Be sure to take competent advice on matching your shaft's spine and point weight to your bow's draw weight, no matter what brand or material you go with. You might not nail a perfectly exact spine down until later, but you will get good arrow flight with a closely-matched shaft. A good trad dealer that speaks "recurve" should be able to match you up, as well as a consensus of recommendations from the forum folk here. A compound dealer may not comprehend the nature of matching spine to recurve, and often will over-spine the archer because they only stock compound spines (IOW, they sell what they've got, rather than what you need).
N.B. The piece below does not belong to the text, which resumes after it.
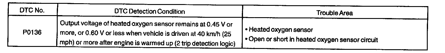 DTC P0136 Oxygen Sensor Circuit Malfunction (Bank 1 Sensor 2)CIRCUIT DESCRIPTION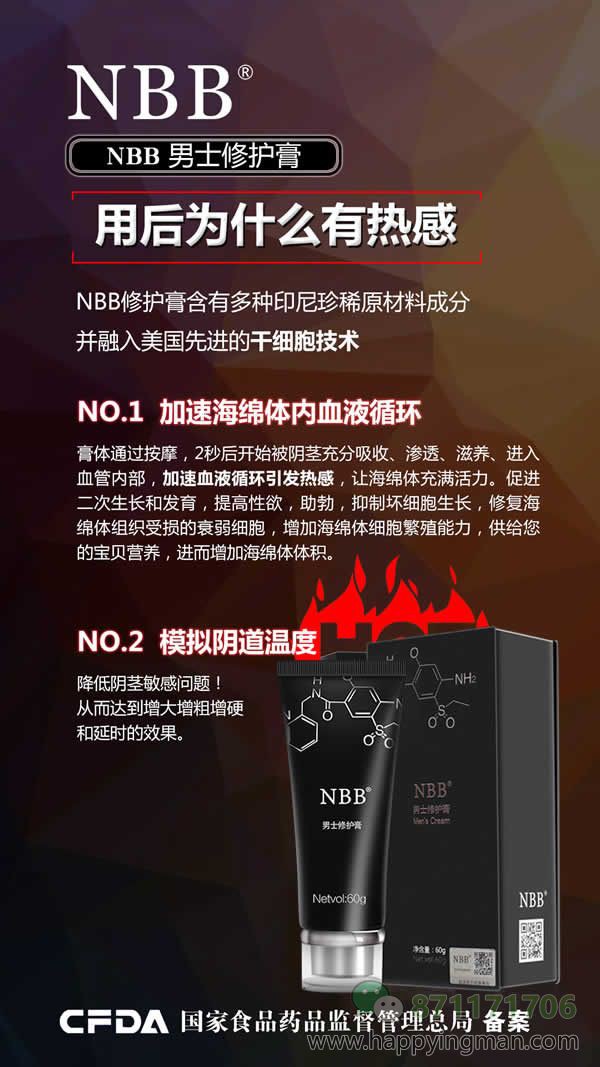 NBB修复膏千万不要乱用!假如一个男人那方面不可必定会冲击自傲心,许多作业有成的男人终究都留不住,难道是由于他们没钱吗?明显不是,实在的原因是那方面不可,让无法耐久忍耐,由于这方面而导致的不在少数,矮小对男人来说是致命冲击,每个男人都期望自身下面尺度足够大,能够降服心爱的女性,假如具有NBB男人修护…

Great book for self-teaching: Camera's "Shooting the Stickbow". Twenty dollars, 400 pages, everything covered from ground-up. 

Good luck.


----------



## Curtis S. (Mar 1, 2010)

Thanks everybody for the input. i believe i should be able to take it from here.


----------



## Joe Hohmann (Oct 24, 2013)

I'm trying to keep things simple. When I got my vintage 30# recurve last Oct., I brought it to a archery shop/training place and asked to be set up. They put a plastic Hoyt Hunter rest on it, and sold me 6 Beman ICS Hunter Jr. arrows (these carbon/vane arrows are for bows under 40#). This seem to be working fine for me. The arrows now have a bit over 700 launches each. I'm trying not to get into add-on gizmos. If my progress no longer continues to improve, I'll sign up for lessions.


----------



## j.conner (Nov 12, 2009)

That sounds like a good way to go, Joe. You got some good guidance at that shop, IMHO.


----------



## Curve1 (Nov 25, 2009)

I've shot off the shelf some back years ago. Both have their advantages. Like stated above, a rest offers more tunability.
For hunting, I prefer off the shelf. If I were to hunt with a rest I would make sure it's not going to fall off like some of the stick-on types have done for me. Or, if it is a stick-on rest I would add some type of glue to lessen the chance of it coming off...also, carry an extra rest with you in the field.


----------